* _Records supplied_
"""
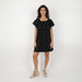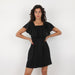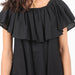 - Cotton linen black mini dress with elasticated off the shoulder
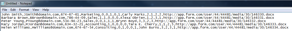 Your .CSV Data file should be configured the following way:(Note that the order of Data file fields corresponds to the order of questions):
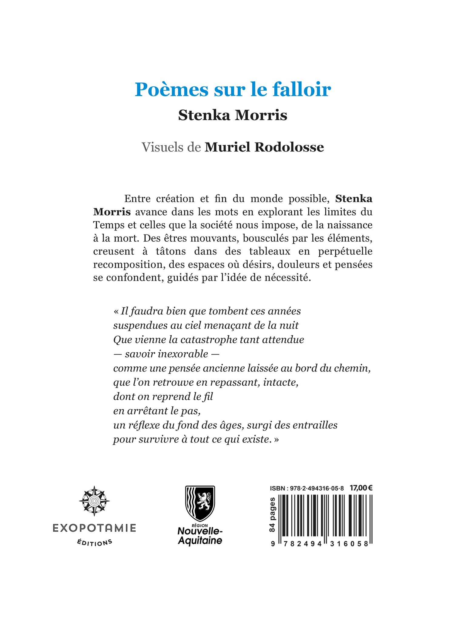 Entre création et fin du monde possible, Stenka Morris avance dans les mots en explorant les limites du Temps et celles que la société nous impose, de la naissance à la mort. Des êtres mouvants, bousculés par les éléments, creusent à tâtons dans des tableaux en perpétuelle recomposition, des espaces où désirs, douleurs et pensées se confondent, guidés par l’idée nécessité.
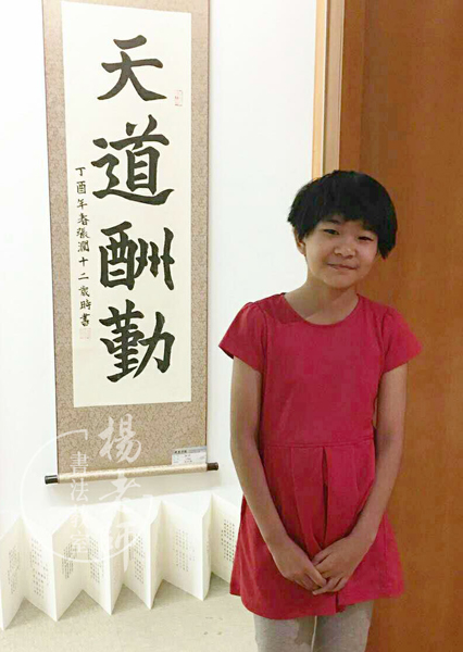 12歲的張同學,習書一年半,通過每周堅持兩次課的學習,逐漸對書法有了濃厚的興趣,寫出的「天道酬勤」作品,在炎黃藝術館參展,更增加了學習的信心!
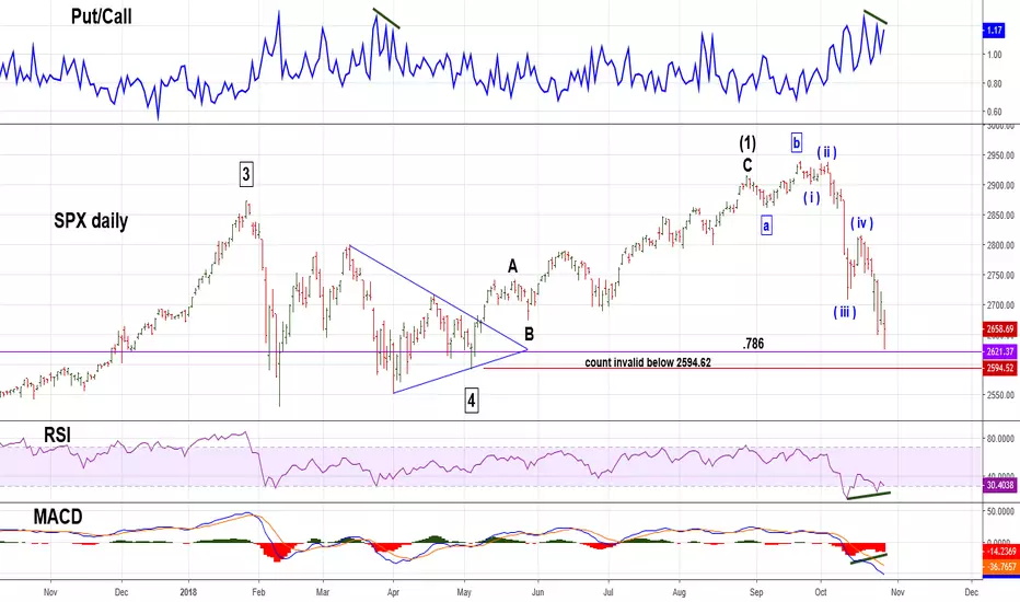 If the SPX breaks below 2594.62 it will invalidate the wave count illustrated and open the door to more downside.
"""
"""
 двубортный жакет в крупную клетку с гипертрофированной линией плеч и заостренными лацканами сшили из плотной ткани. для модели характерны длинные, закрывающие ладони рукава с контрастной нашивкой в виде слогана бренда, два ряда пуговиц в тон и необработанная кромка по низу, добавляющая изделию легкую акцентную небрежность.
"""
"""
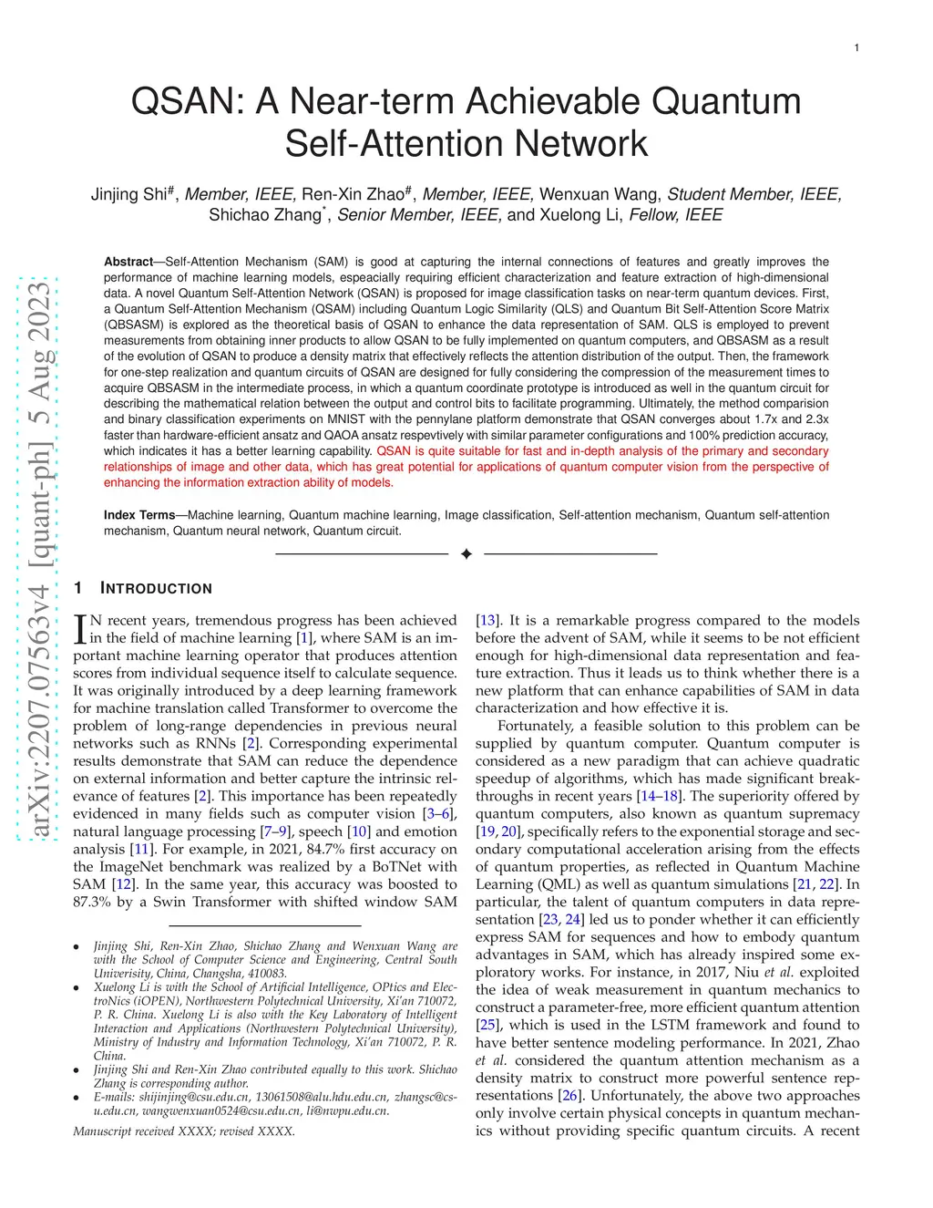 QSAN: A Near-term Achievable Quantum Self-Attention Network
"""
Return, exactly as they stand, the lines above from the one with "- Cotton linen" to the one with "Your .CSV Data", omitting any pictures among them.

 - Cotton linen black mini dress with elasticated off the shoulder
 Your .CSV Data file should be configured the following way:(Note that the order of Data file fields corresponds to the order of questions):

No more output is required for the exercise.